Week in Review: A reprieve — but difficult conversations — for struggling schools

Supporters of 38 struggling schools are breathing a little easier this week now that threatened state school closures are likely on hold until next year but the schools still face potentially difficult conversations as they try to improve.

“Any school that’s been failing for three, four or five years, we can’t allow it to continue … Obviously what we’re doing is not working.”  — Brian Whiston, Michigan state superintendent

Read on for more on this evolving story — as well as the rest of the week’s headlines. And don’t forget to buy your tickets to the School Days storytelling event Chalkbeat is hosting next Friday — a week from today — in conjunction with the Secret Society of Twisted Storytellers at the Charles H. Wright Museum. We’re expecting an epic night of cocktails and storytelling, designed to both celebrate and elevate the voices of Detroit residents. Tickets are $20 in advance (or $25 at the door). Buy them here. Thanks for reading!

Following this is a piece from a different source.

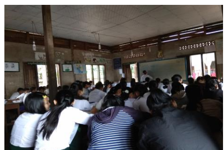
The current building is insufficient for the school's needs due to heavy overcrowding.
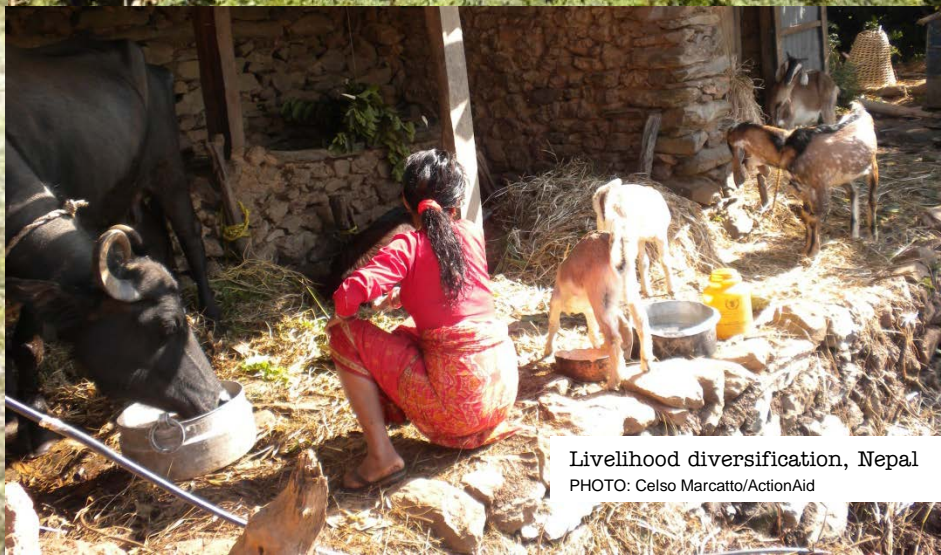
Livelihood diversification, Nepal

Closings averted (for now)

  • Schools have been offered a chance to avoid closure by entering into partnership agreements with state and local organizations (read the letter the districts received here).
  • State Superintendent Brian Whiston says he still expects 4-6 schools to close but those will be local — not state — decisions.
  • In Detroit, one school that’s likely to close is Durfee Elementary-Middle school, where students will move to nearby Central High School while a local organization turns Durfee into a “community innovation center.”
  • What exactly the partnership agreements will look like isn’t clear, but a spokesman for the superintendent says they’re “a hybrid model developed from Superintendent Whiston’s own experience as a local superintendent, similar initiatives from other states that have shown success, and discussions with education stakeholders in Michigan.”
  • One hint at how the model might work is the story of a school in Dearborn where Whiston was superintendent.
  • To participate, districts will have to put together a team of partners including community groups, union leaders or parents to come up with research-based solutions for school improvement.
  • Keeping the schools open would preserve tens of millions of dollars that taxpayers and community groups have put into Detroit schools in recent years, expecting they would stay open.
  • One GOP leader said the state is “circumventing the law” by backing down on closures. “Everybody is just giving them some leeway to do this because it’s a popular thing,” he said.
  • The state Education Department has essentially taken over the fate of the 38 schools from the state School Reform Office, which announced the closures in January. One reason is what a GOP lawmaker described as a “clunky rollout” including the decision to send families a two-page letter listing “better” schools that students could attend. The letters sent to Detroit families included schools an hour away from the city that don’t even accept Detroit kids.

Across the state

  • A top lobbyist promoting the Michigan education agenda of U.S. Education Secretary Betsy DeVos resigned this week after apologizing for making comments about shaking his wife during legislative testimony last week.
  • A local business leader compares DeVos with Eli Broad — another Michigan-born billionaire philanthropist who invests heavily in education. The two have different approaches to improving schools, he writes, but DeVos “has been far more successful.”
  • A commission charged with improving education in Michigan is calling for abolishing the elected state school board.
  • The commission, which plans to formally release its recommendations today, reached no consensus on controversial issues like charter schools and the state’s schools-of-choice law but is calling for upwards of $2 billion in spending on expanding teacher training and helping at-risk kids.
  • Michigan Democrats are pushing to add a right to literacy to the state Constitution.
  • A Michigan education professor called on the state to use the latest research to update standards for what kids need to know in each grade instead of recycling other states’ old standards.
  • Fewer Michigan school districts are facing budget deficits.